The first part of a long-awaited report from Oklahoma State Auditor & Inspector Cindy Byrd on Epic Charter Schools was released Thursday. Byrd found a litany of problems in her investigation of the school that has faced legal scrutiny for years.
"I have seen a lot of fraud in my 23 years and this situation deeply concerns me," Byrd said at a Thursday press conference.
Byrd said the virtual charter behemoth owes Oklahoma taxpayers $8.9 million for a string of concerning actions in the 120-page investigative report.
Her report said Epic, the state’s largest virtual charter school, was given half a billion dollars over the last five years. And of that, at least $125 million has been siphoned through a learning fund that goes to families and a for-profit management company operated by Epic's founders Ben Harris and David Chaney.
Because there’s no oversight of that money, it appears that it didn’t go to actually educating kids, Byrd said. And that’s a big problem.
Those records remain tied up in litigation as Epic says they should remain private. But Byrd continues to fight for a full accounting of those dollars in court.
The audit report concludes that Oklahoma should consider that for-profit organizations running charter schools might not be a good idea.
Byrd referred to Thursday's report as part one of the investigative audit. It's unclear when part two will be released.
Byrd said she will be sharing her office's findings with the Attorney General's office, the Oklahoma State Bureau of Investigation and the Oklahoma Tax Commission, as well as the Office of Inspector General, the Internal Revenue Service and the Federal Bureau of Investigation.
In a statement on Twitter, Epic Charter Schools categorized Byrd's press conference as 'political theatrics' and called the audit a 'seeming endless fishing expedition.' The charter school said they would be providing a point-by-point response within 24 hours.
State officials quickly responded to the report.
Governor Kevin Stitt said his office is still reviewing the audit, but called the initial findings 'concerning.'
"Our state has recently invested in public education at the highest levels in our state’s history, and Oklahomans deserve accountability and transparency on how their hard-earned tax dollars are being spent," Stitt said in a statement.
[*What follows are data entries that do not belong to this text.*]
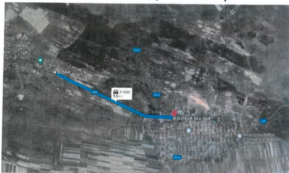
DJ 564 Sector 2, Tronson 2 [(Patulele int cu DJ 562A) – Danceu]

Localitatile traversate de DJ 564 pe sectorul 2 sunt urmatoarele: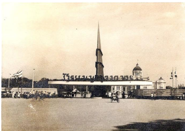
ภาพที่ 3.11 งานฉลองรัฐธรรมนูญ บริเวณสวนอัมพรมีข้อความ “รัฐธรรมนูญจงถาวร, ” https://board.postjung.com/919507.html (สืบค้นเมื่อวันที่ 4กุมภาพันธ์2561).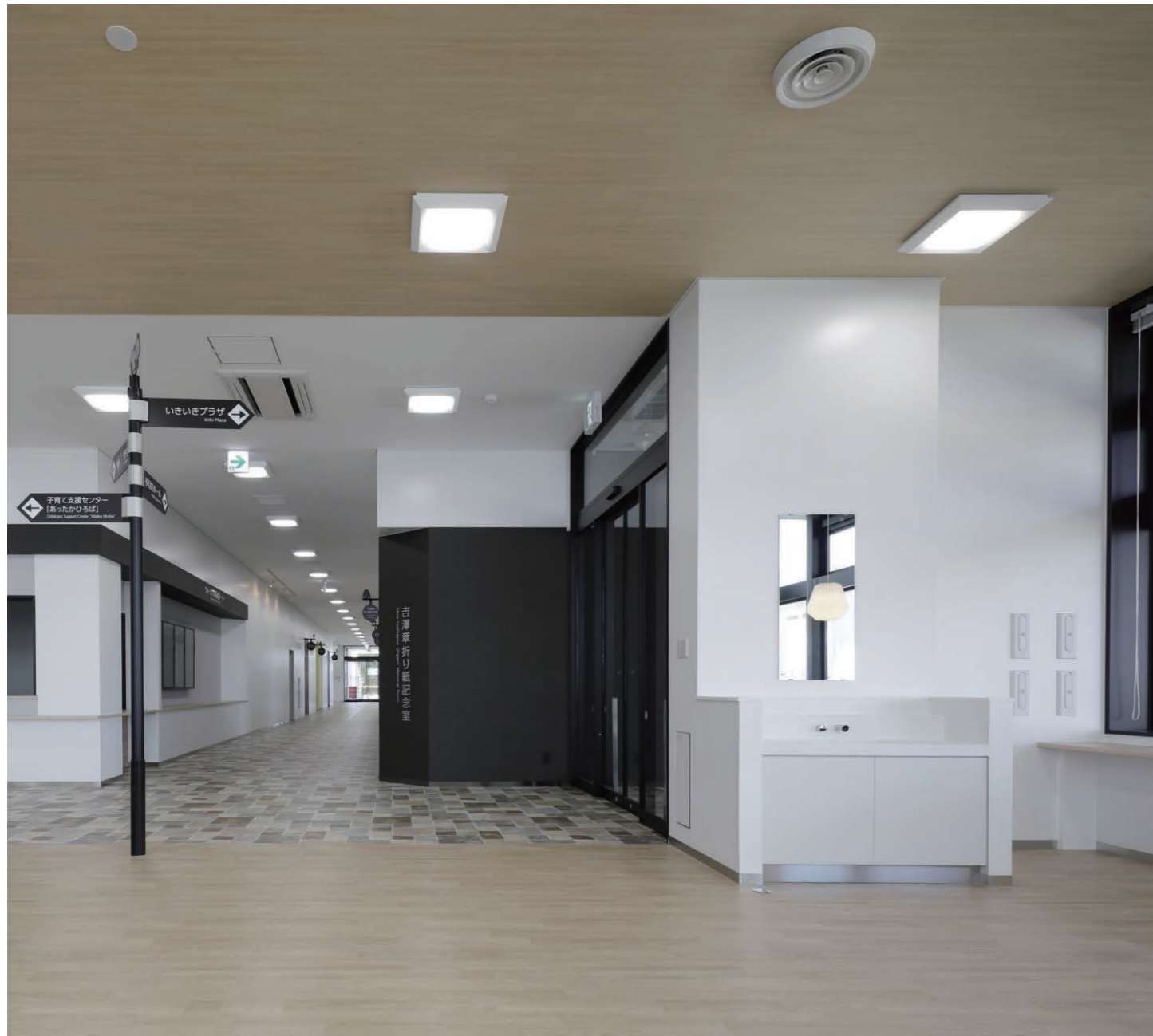
内部通路 建物の出入りの際や飲食可能な「ふれあいラウンジ」の利用時に手洗いができる洗面カウンター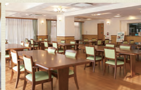
各所に椅子やテーブルを設置。食堂や談話室は自由にご利用可能です。居室以外にも居場所がたくさんあります。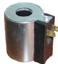
Kalem elektromagneta, (namotaj) OZNAKA: 700.08.00 (stara oznaka: EMV-700.034)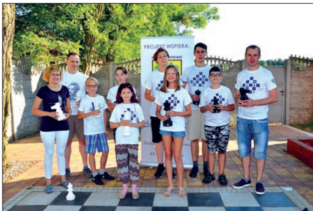
Klub Sportowy Korona Zakrzewo - Sekcja Szachowa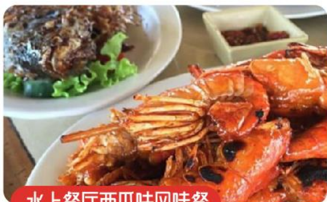
水上餐厅西瓜哇风味餐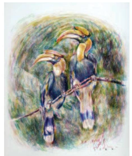
ภาพต้นแบบ ผลงาน เป็ สีสี่

ปีนี้ เวทีเสวนาวันรักนกเงือกในคอนเซ็ปต์ ปันรัก...ให้นักเงือก จึงประกอบด้วยคนรักนกเงือกหลากหลายสาขาอาชีพ มาให้ข้อมูลและบอกเล่าประสบการณ์ของมนุษย์ที่มี “รักแท้” ต่อนกเงือก

State Superintendent of Public Instruction Joy Hofmeister called the findings 'deeply disturbing.'
"In an education environment where every dollar is being stretched to the limit, these findings are deeply disturbing," Hofmeister said in a statement. "It is one thing for a public school to utilize the services of a private vendor, which is common practice, but when that private vendor operates the school in question and can manipulate that structure to obfuscate or mislead, there is something systematically wrong. Oklahomans deserve better."
Sen. Ron Sharp (R-Shawnee), a former public school teacher, has been demanding additional accountability for the state funds granted to Epic through the school funding formula. Administrators of the school sued Sharp for defamation, but an Oklahoma County district judge ruled against them and levied a $500,000 fine against the school for filing the lawsuit.
"The Oklahoma families who have put their faith in this school system need reassurance that their children are getting a proper education and not just being used in an illegal scheme to make the owners rich," Sharp said in a statement.
Sharp lost a primary runoff in August said bringing Epic's issues to light has been a 'difficult road.'
"My reputation and legislative career have been destroyed by what has now become Oklahoma’s largest school district because I brought their fraudulent activities to light," Sharp said. "Their attempt to stop my inquiries and silence my criticism has not been successful."